Lake Norman Charter told its board that the school earned a performance score of 88 for the 2023-24 reporting year and "exceeded" growth on the state report card, officials said, while also identifying subject areas that need additional support.
"Based on that, you'll see the different levels of not met, met and exceeded," said Dr. Graham during a high-level presentation of the school report card. She told the board that the states performance grade combines an 80% achievement component and a 20% growth component and that the school's overall performance improved by one point from the prior year.
Dr. Graham said the school recorded gains in math and reading overall performance but also saw declines in some high-school end-of-course (EOC) measures, including biology, and noted the state adopted new science standards this year that change instruction to be more hands-on.
Board members asked specific questions about math 1 and how scores are counted when students take high-school math in middle school. Dr. Graham and other board members explained that state reporting treats math 1 results from high-school students differently: math 1 taken by ninth graders counts as the high-school result, while math tests for grades 3-8 reflect those grade-level exams; accelerated middle-school students who take high-school courses are accounted for in cohort metrics that can make year-to-year comparisons nuanced.

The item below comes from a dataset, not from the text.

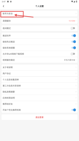 3、在設(shè)置頁(yè)面,點(diǎn)擊“賬號(hào)與安全”選項(xiàng),進(jìn)入賬號(hào)安全頁(yè)面。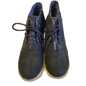 Toms Desert Lace Up Canvas Espadrille Wedge Ankle Boot Black Women's sz 6

The board discussed teacher recruitment and retention for math, with Dr. Graham noting active recruitment partnerships with UNC Charlotte and use of preservice teacher programs to attract candidates. She said the school has increased collaborative planning time, data talks, screening three times a year, built intervention/enrichment blocks into schedules and expanded supports funded initially with COVID funds and continued through Title II.
"We have data talks monthly at the middle school," Dr. Graham said, outlining the school's response: more frequent data review, intervention and enrichment blocks, literacy intervention at elementary and ACT/SAT prep through Naviance.
Board members and staff also compared Lake Norman Charters results to local charter contemporaries and to district and state averages; presenters said the school remains among the higher-performing local schools despite some small year-to-year fluctuations.
The presentation was informational; board members asked questions and the school indicated steps it has begun to address weak spots.